Giovanna Mezzogiorno and Filippo Timi in <em>Vincere</em>
In the first scene of Vincere, Benito Mussolini (Filippo Timi), addressing a small gathering, borrows a watch, then declares that he is giving God five minutes to strike him dead. To Mussolini, God’s failure to do so is proof that He does not exist. It’s possible the film’s writer and director, Marco Bellocchio, agrees with him on this point at least.

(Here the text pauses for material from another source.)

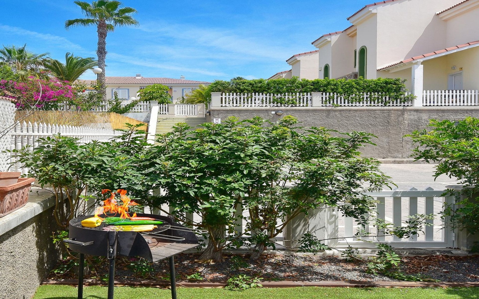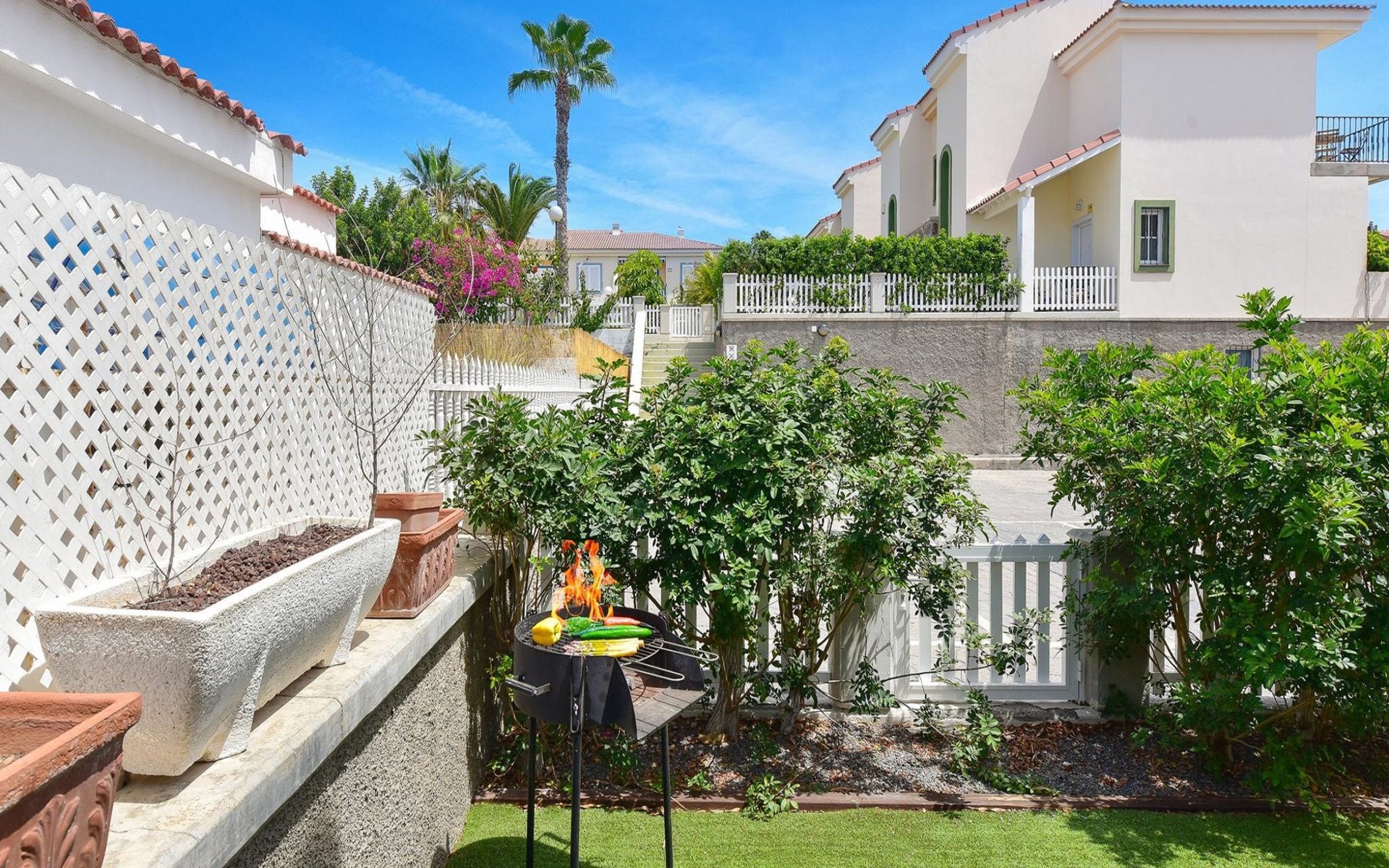 Moderne, komfortable Feriensiedlung "Marina Port 15". Im Ortszentrum von Pasito Blanco, exzellente Lage: Absolut zentral und dennoch ruhig. Zur Mitbenutzung: Schwimmbad nierenförmig (saisonale Verfügbarkeit: 01.Jan. - 31.Dez.). Sitzplatz, Laube, Gartenmöbel, Grill. Im Hause: Internetzugang, Wireless LAN, Klimaanlage, Waschmaschine, Wäschetrockner. Öffentliche Parkplätze auf der Strasse. Bushaltestelle "Cruce Pasito Blanco" 5 km. Bitte beachten: geeignet für Familien. Objekt geeignet für 4 Erwachsene. Der Besitzer akzeptiert keine Jugendgruppen. Die Nachbarschaft ist sehr lärmempfindlich. Ruhe und gutes Benehmen wird erwartet. Bei später Anreise sind folgende Gebühren in bar zu bezahlen: 20:30-22:00: 30€, 22:00-00:00: 50€, 00:00-01:30: 80€.
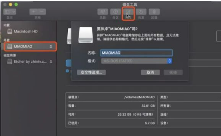 1、下載好windows鏡像,然后插入U盤,打開磁盤管理工具,選擇U盤后點擊抹掉.

It’s immediately apparent that this historical drama is a bracingly unconventional biopic. Bellochio kicks it off by moving freely forward and backward in time, showing the Socialist Mussolini as a rising star at the epicenter of turmoil in Italian politics. But the constant here is the presence of Ida Dalser (Giovanna Mezzogiorno, radiating smarts and sadness), who is seen grinning as Mussolini blows past her, hounded out of that room by his own outraged audience; helping him hide from a mob on the dark streets of Trento after his denunciation of the Vatican; slipping him a mash note as he leads a Socialist demonstration in the streets, denouncing the king and the coming war. Within nine minutes of screen time, it’s 1914 and she’s naked in his arms.

The action of this love story is punctuated by a title sequence that comes on like a Guy Maddin pastiche, full of architecture-as-phallus symbolism and grainy shots of neon industry, locomotives, city streets, and Italian nightlife edited to Carlo Crivelli’s ferocious score. One of the delights of Vincere is this kind of stylishness, weaving archival footage and a lust for vintage typography into amped-up political melodrama of a nightmarish intensity. Another is the film’s more general capacity to surprise. At first, the film seems to be all about Benito Mussolini. After some time, it seems that it’s not about him at all. And then, in the end, it rears back in horror pulling focus not just on Mussolini himself, but on his legacy and the scars he left on a national psyche.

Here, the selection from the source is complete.